Figure 2 a 6 shows an example of a plot that is more complicated than necessary. In addition to showing the points, density curves (lines) are also shown for each of the axes. Two different x‐axis scales are shown on the top and bottom of the plot, and two different y‐axis scales are shown on the left and right sides. These “double axis scales” make it difficult to determine which axis labels to look at for the points and which to look at for the lines. The plot is also divided into nine different areas, with the total population of each area shown in the inset matrix. The various shades of pink are also distracting, especially because it is not clear whether the shading is arbitrary or corresponds to a variable, such as population density.

Figure 2.

Figure 2

(a) Example of an overly complicated plot. Scatter plot of population distance to water and water availability per person. Analysis scale is the food producing units (FPU) level. Total population in the matrix's nine areas is presented in the top right corner of the plot, and the percentage of the world's total population is in brackets. The lines represent population distributions for the distance to water (lower x‐axis, right y‐axis) and for water availability (left y‐axis and upper x‐axis). These lines represent where large concentrations of people are present. Note: The left and lower axes have a logarithmic scale. This figure and legend were reproduced from ref. 6. (b) Example of simplified plot. Scatter plot of population distance to water and water availability per person. This figure was generated using dummy data for illustration purposes.

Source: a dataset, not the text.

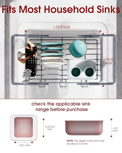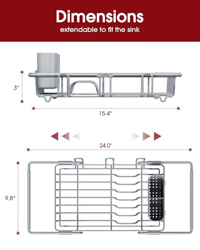 The Sakugi Kitchen Sink Organizer is an innovative solution designed for efficient kitchen space management. It can be used inside the sink for optimal water drainage or adjusted to rest over the sink, making it a versatile drying rack for dishes. Its expandable design accommodates various sink sizes, extending from 15.4″ to 24″. Built with stability in mind, the non-slip rubber covers ensure it remains secure during use. The organizer includes a removable cutlery holder, three cup holders, and ample space for dishes, effectively maximizing storage in small kitchens, apartments, RVs, and dorms.

Suggestions for simplifying Figure 2 a include removing the density curves (lines) on the left side of the plot, the axis scales on the top and right sides of the plot, and the shaded background. The authors should have also considered removing the dividing lines from the main plot and moving the inset plot to its own panel or re‐creating as a table. An example using dummy data is provided in Figure 2 b.

PRINCIPLE 4: EVERY GRAPH SHOULD STAND ON ITS OWN

“A good data visualization is captivating and immersive. It makes you forget about time.” – Moritz Stefaner7

Plots similar to Figure 3 a 8 are some of the most popular displays seen in publications today. The challenge with this plot is that it is impossible to draw conclusions without additional context. Specifically, without details of the experiment, we do not know if the displayed P values were adjusted for multiple testing. It is also not clear what statistical tests are being used (and if these tests are appropriate). The legend fails to describe the corresponding P value thresholds for the stars. The data‐to‐ink ratio is also pretty high, with unnecessary background shading and the bar colors contributing no information. Further, the ink used for the bars of this (admittedly fairly standard) plot draws your eye specifically away from the true information being presented to regions of the figure where there are likely no actual data observed. The bulk of the results presumably reside in the area nearer the range of the bars, but as we move to the right of the figure, most of the ink is used to simply create a higher bar. This presentation of data may seem harmless (as higher bars are “good”), but it can be somewhat misleading in its own right. Depending on the amount of data being summarized, boxplots or dot plots, such as the graphic in Figure 3 b, may be more appropriate alternatives. Finally, none of the abbreviations (pre‐HD, RT, Acc, v_exec, UHDRS) are defined in the figure legend. Your audience will become frustrated very quickly if they are forced to dig through the text in your article or poster to find all of the necessary details to interpret a figure; many may not wish to put in this work and instead choose to proceed to the next article or poster. This is why it is critical that every graph be able to stand on its own. You should always (and we mean always!) include a title and label every axis. The title should be clear, succinct, and written in an active rather than passive voice. The title can be either a complete sentence or a descriptive phrase. The title can either be displayed at the top of the plot or as the first sentence of the figure legend. If the figure contains multiple panels, then the figure title should explain how all of the panels fit together. The axis labels should not only describe the variable that is plotted, but also include units and any transformations applied to the data, if appropriate.

Figure 3.

Figure 3

(a) Bar‐plot comparing area under the ROC curve (AUC) of a logistic regression classifier trained to differentiate pre‐HD subjects from controls, evaluated specifically here on its performance predicting pre‐HD‐B. Error‐bars represent standard deviation. This figure and legend were reproduced from ref. 8. (b) Dot‐plot comparing contributions of behavioral parameters to a classifier trained to differentiate pre‐HD subjects from controls. Classifier is trained using logistic regression with L2‐regularization, with the model fit evaluated on test data using 10‐fold stratified cross‐validation. Black dots and error‐bars represent means and SD. The P values for all models < .0001 on test data. This figure was generated using dummy data for illustration purposes and is not based on ref. 8. Abbreviations: pre‐HD, presymptomatic gene carriers of Huntington's Disease; vexec, deficit in executive control; ROC, receiver‐operator‐characteristic; RT, reaction time; UHDRS, unified Huntington's Disease Rating Scale.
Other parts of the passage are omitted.